◆ **Task**: For the records below, copy exactly the span that begins at the line containing "Рваная стрижка на" and stops after the line containing "お腹が大きくなっても着用でき", minus any pictures.

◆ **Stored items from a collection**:
========================

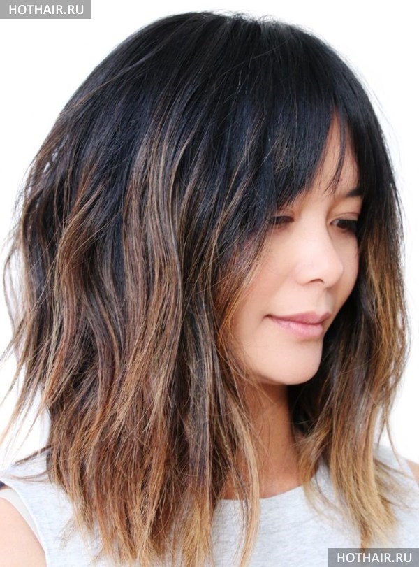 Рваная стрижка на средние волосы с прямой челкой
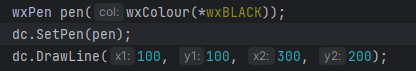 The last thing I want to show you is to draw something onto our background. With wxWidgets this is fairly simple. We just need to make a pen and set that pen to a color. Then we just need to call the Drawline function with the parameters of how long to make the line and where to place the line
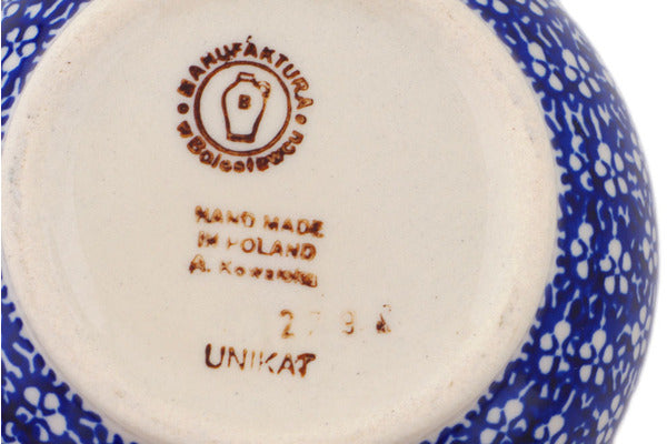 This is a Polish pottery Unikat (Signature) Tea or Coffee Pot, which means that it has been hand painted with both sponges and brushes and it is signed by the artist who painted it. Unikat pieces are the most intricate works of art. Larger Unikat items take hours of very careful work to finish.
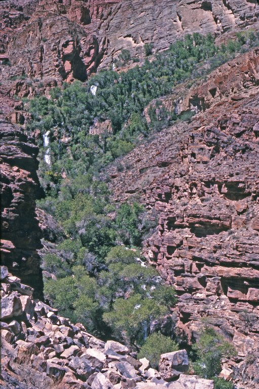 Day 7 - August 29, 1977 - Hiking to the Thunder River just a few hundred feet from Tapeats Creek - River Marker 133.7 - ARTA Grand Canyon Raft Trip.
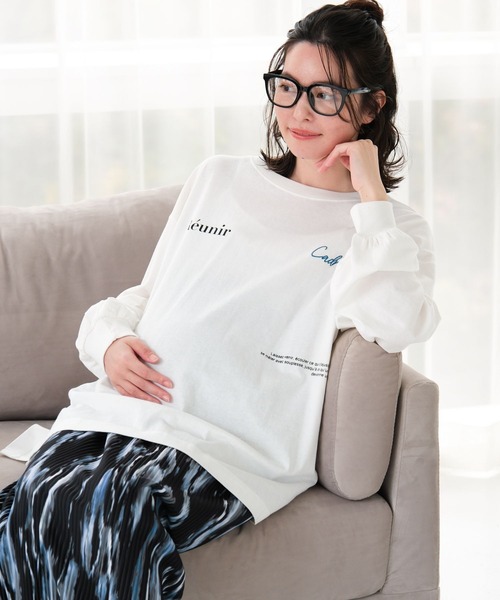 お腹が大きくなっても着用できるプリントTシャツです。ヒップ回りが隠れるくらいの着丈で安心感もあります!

========================

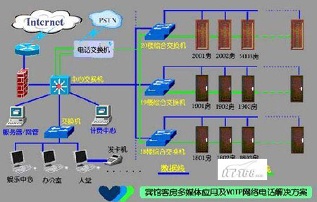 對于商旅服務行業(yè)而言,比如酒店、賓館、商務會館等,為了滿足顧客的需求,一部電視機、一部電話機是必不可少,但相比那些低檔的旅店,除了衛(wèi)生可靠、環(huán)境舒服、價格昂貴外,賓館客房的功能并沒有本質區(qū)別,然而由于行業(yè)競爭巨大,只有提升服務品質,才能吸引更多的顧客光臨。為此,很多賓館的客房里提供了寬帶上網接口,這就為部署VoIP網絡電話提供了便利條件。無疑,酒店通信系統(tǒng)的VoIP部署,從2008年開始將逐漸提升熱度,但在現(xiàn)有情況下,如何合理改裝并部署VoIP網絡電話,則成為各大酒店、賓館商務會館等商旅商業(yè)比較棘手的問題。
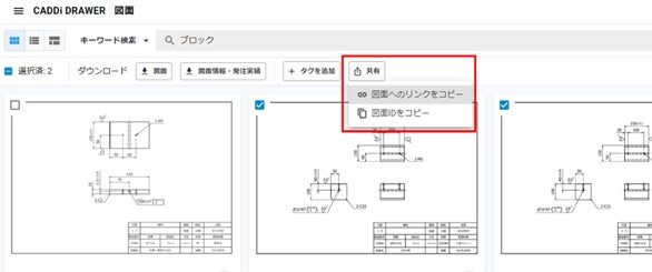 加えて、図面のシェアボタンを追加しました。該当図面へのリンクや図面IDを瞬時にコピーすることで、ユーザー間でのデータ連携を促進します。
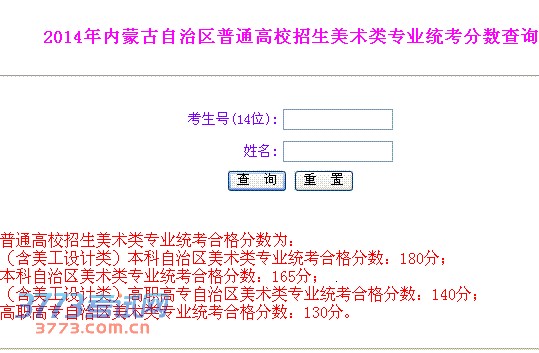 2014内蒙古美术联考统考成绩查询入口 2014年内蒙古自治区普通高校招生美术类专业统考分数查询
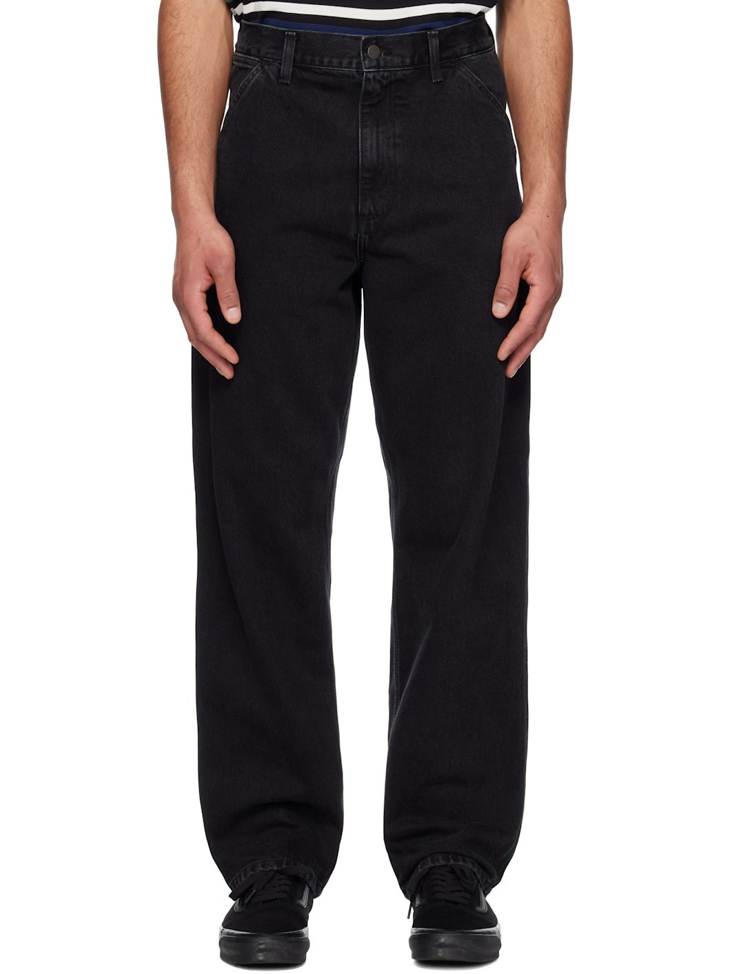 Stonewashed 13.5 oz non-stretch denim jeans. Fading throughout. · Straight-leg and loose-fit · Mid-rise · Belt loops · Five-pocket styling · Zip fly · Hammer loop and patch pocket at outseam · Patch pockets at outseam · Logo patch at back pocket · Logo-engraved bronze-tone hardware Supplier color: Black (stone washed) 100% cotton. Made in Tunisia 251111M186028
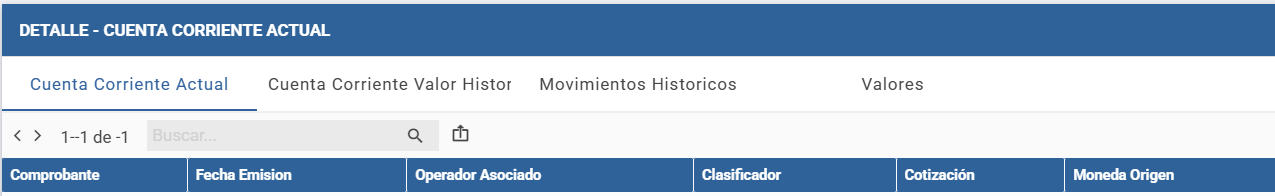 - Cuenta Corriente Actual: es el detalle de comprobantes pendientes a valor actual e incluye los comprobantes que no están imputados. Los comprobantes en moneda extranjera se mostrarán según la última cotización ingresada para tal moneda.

========================

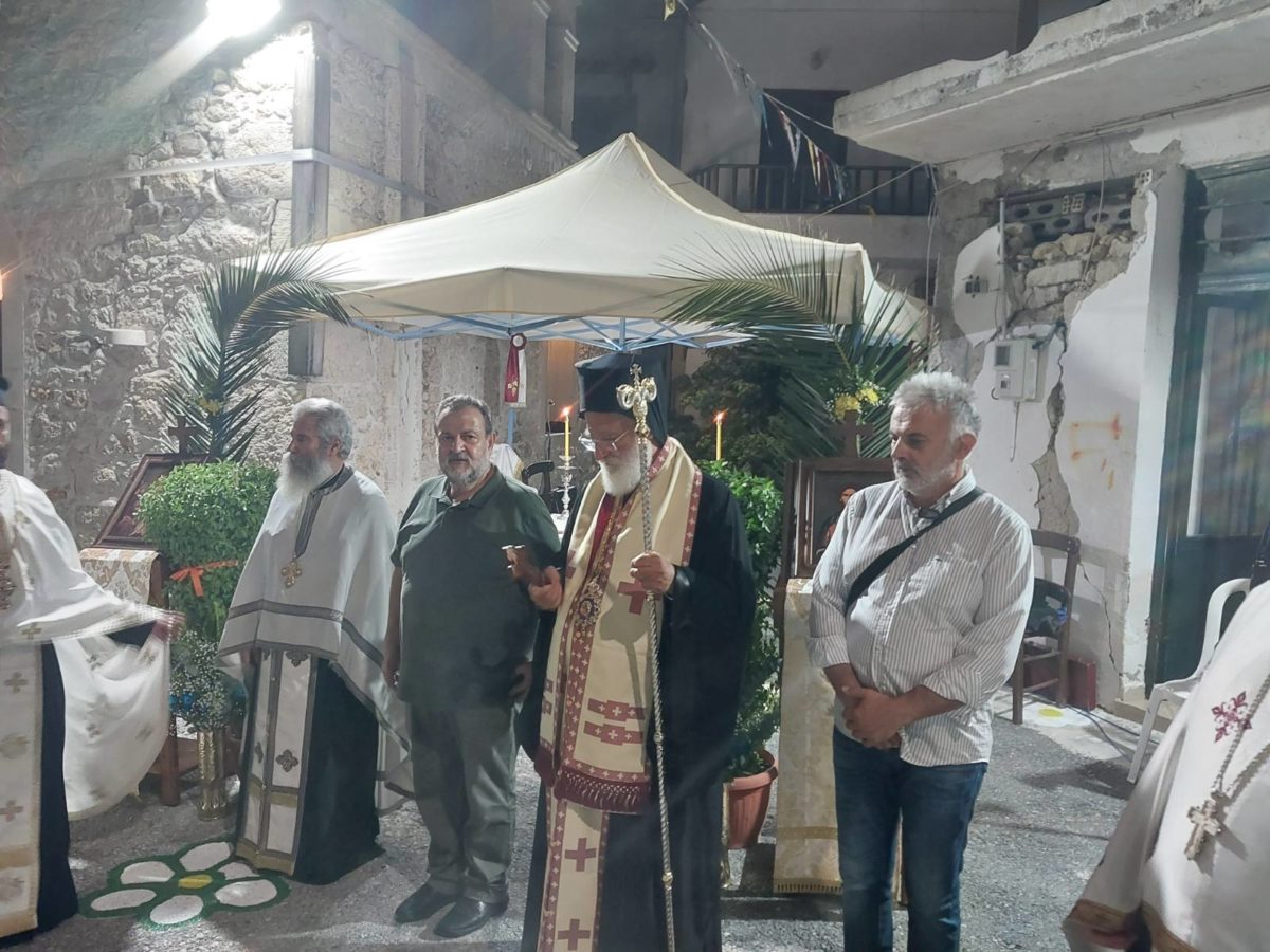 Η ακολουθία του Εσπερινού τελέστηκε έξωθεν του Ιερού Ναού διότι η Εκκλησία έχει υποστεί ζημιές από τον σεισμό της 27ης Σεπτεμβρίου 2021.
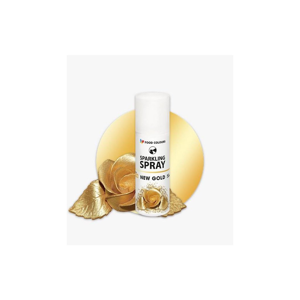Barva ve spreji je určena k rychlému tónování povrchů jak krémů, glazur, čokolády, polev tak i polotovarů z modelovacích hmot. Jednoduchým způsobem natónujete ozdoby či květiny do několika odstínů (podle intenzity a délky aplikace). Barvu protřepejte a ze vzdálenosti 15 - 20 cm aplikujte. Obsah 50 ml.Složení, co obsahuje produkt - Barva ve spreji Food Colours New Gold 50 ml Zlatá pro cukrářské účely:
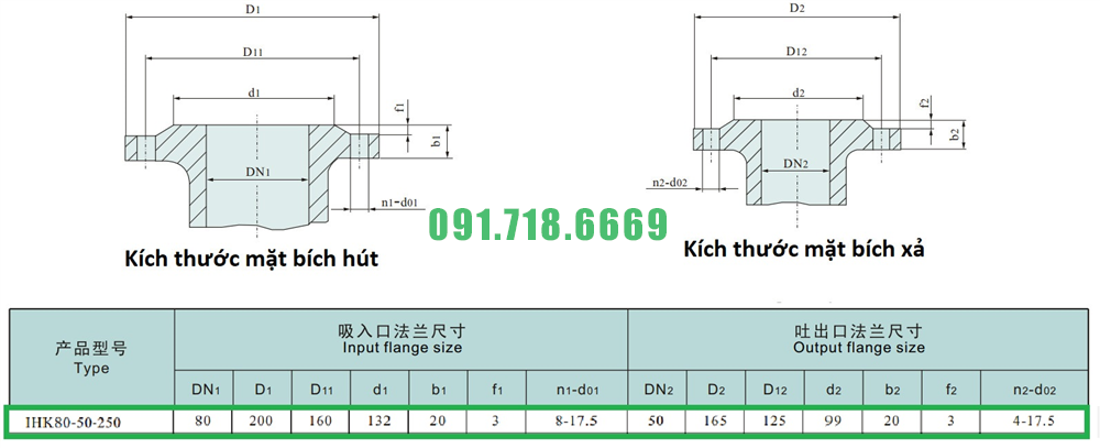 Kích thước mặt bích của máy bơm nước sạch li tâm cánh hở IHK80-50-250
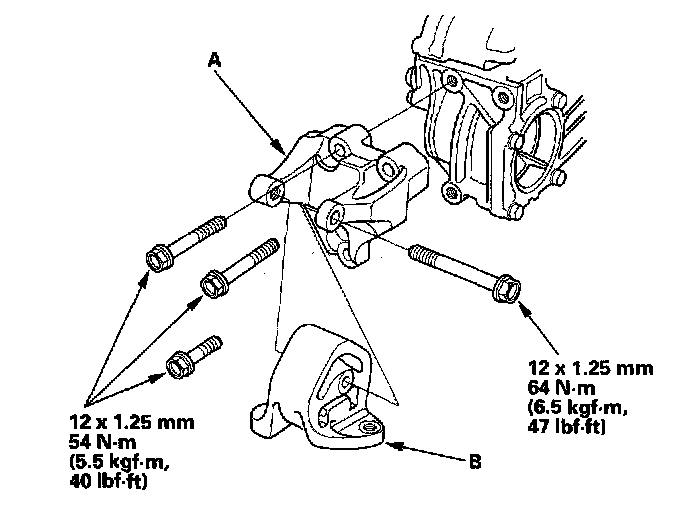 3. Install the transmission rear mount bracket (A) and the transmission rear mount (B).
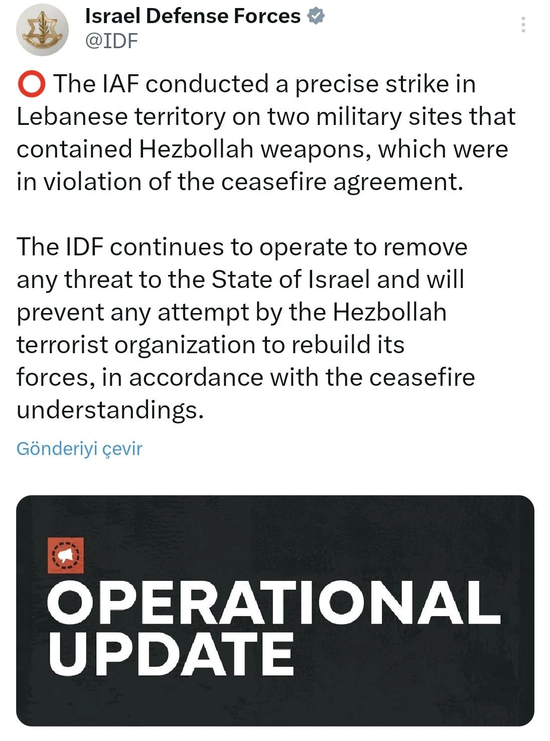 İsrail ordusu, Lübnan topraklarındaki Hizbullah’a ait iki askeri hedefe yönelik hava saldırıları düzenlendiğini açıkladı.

========================

◆ **Answer area**:
 Рваная стрижка на средние волосы с прямой челкой
 The last thing I want to show you is to draw something onto our background. With wxWidgets this is fairly simple. We just need to make a pen and set that pen to a color. Then we just need to call the Drawline function with the parameters of how long to make the line and where to place the line
 This is a Polish pottery Unikat (Signature) Tea or Coffee Pot, which means that it has been hand painted with both sponges and brushes and it is signed by the artist who painted it. Unikat pieces are the most intricate works of art. Larger Unikat items take hours of very careful work to finish.
 Day 7 - August 29, 1977 - Hiking to the Thunder River just a few hundred feet from Tapeats Creek - River Marker 133.7 - ARTA Grand Canyon Raft Trip.
 お腹が大きくなっても着用できるプリントTシャツです。ヒップ回りが隠れるくらいの着丈で安心感もあります!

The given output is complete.